In the two disease groups, our findings revealed that QoL (according to the PedsQL) was lowest at 6–12 months post-HSCT, followed by steady improvement over the next two years across all subdomains. This is consistent with the findings of Caocci et al., who reported progressive improvements in QoL from 3 to 6 months to 18 months post-HSCT in children with thalassemia major [
28]. In another study, children who had undergone HSCT four or more years earlier reported QoL levels similar to healthy controls and better than those of non-transplanted patients in all subdomains [
23]. Although the PedsQL emotional subscale scores were better in children with thalassemia in the early stages of HSCT, they did not differ much over time following HSCT when compared to children with leukemia. Compared with children with thalassemia, the improvement in the emotional status of children with leukemia became evident at 19 months after transplantation; furthermore, it was determined that they were in a better condition than children with thalassemia at two years after transplantation. This result reveals that psychosocial support approaches should be planned according to the type of disease, and should be continued for a long time in both disease groups. Considering the results of the PedsQL school functioning subscale in this study, educational planning for children in the early period of HSCT and in the long-term should be specifically designed according to the disease group.

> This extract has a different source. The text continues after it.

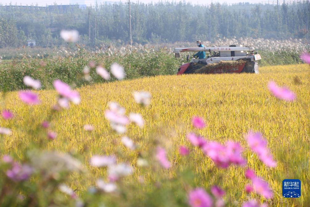 10月11日,村民駕駛收割機在山東省濟南市槐蔭區吳家堡街道七里鋪村收割水稻。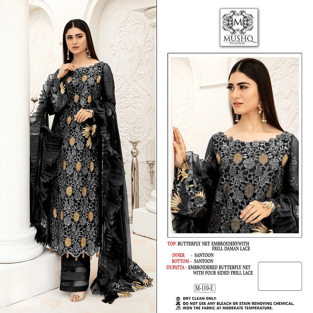 Mushq M-110 E Butterfly Net Stylish Embroidery Work Designer Wear Salwar Kameez

It is known that children who undergo HSCT during childhood and adolescence are at risk of developing social and behavioral problems in the long-term [
29]. Children and adolescents are more vulnerable during illness and treatment in terms of cognitive, perceptual, educational, motor skills, and psychosocial aspects [
30]. Children are kept away from their schools and friends in the first few months after HSCT. During this period, there is also a decrease in their physical function due to the effects of the treatment. It is known that physical isolation increases depressive symptoms. Thus, children may experience emotional and behavioral problems when they return to their social activities and school after hospital discharge [
31]. In this study, the CBCL total scores improved within the first two years post-transplantation. However, the greatest improvement was achieved at >2 years after HSCT. Internalizing scores in children with thalassemia did not differ much over time since HSCT, when compared to those with leukemia. It can be understood, from the study results, that externalizing behavioral changes are not seen very often in either disease group after HSCT. This result reveals that psychosocial support approaches should be planned according to the type of disease, and should be continued for a long time in both disease groups. Barrera et al. observed that problem behaviors, as measured according to the CBCL, decreased significantly at six months after HSCT in a cohort where over half of the participants were children with leukemia [
24].
This study has several limitations. The diagnostic groups with and without HSCT were not composed of the same children, and the time elapsed since transplantation varied across participants. Although leukemia and thalassemia are both chronic diseases, the time taken for HSCT varies [
12,
13]. It would have been better if the study controlled for confounding variables such as age, socioeconomic status, and parental education, but because of the low number of cases, the groups would be smaller when confounding factors were evaluated, and the results would become undefined. Prospective studies with larger samples and controlled confounding factors are needed. Furthermore, only parent-report forms of the PedsQL and CBCL were used; child self-reports were not included, which may limit insight into the children’s perceptions. Bias may be introduced when depending solely on maternal reports. Nonetheless, this study benefits from its focus on a single treatment center and inclusion of a well-matched healthy control group. Importantly, it is among the few studies to assess the impacts of HSCT on QoL and behavioral problems separately for children with leukemia or thalassemia.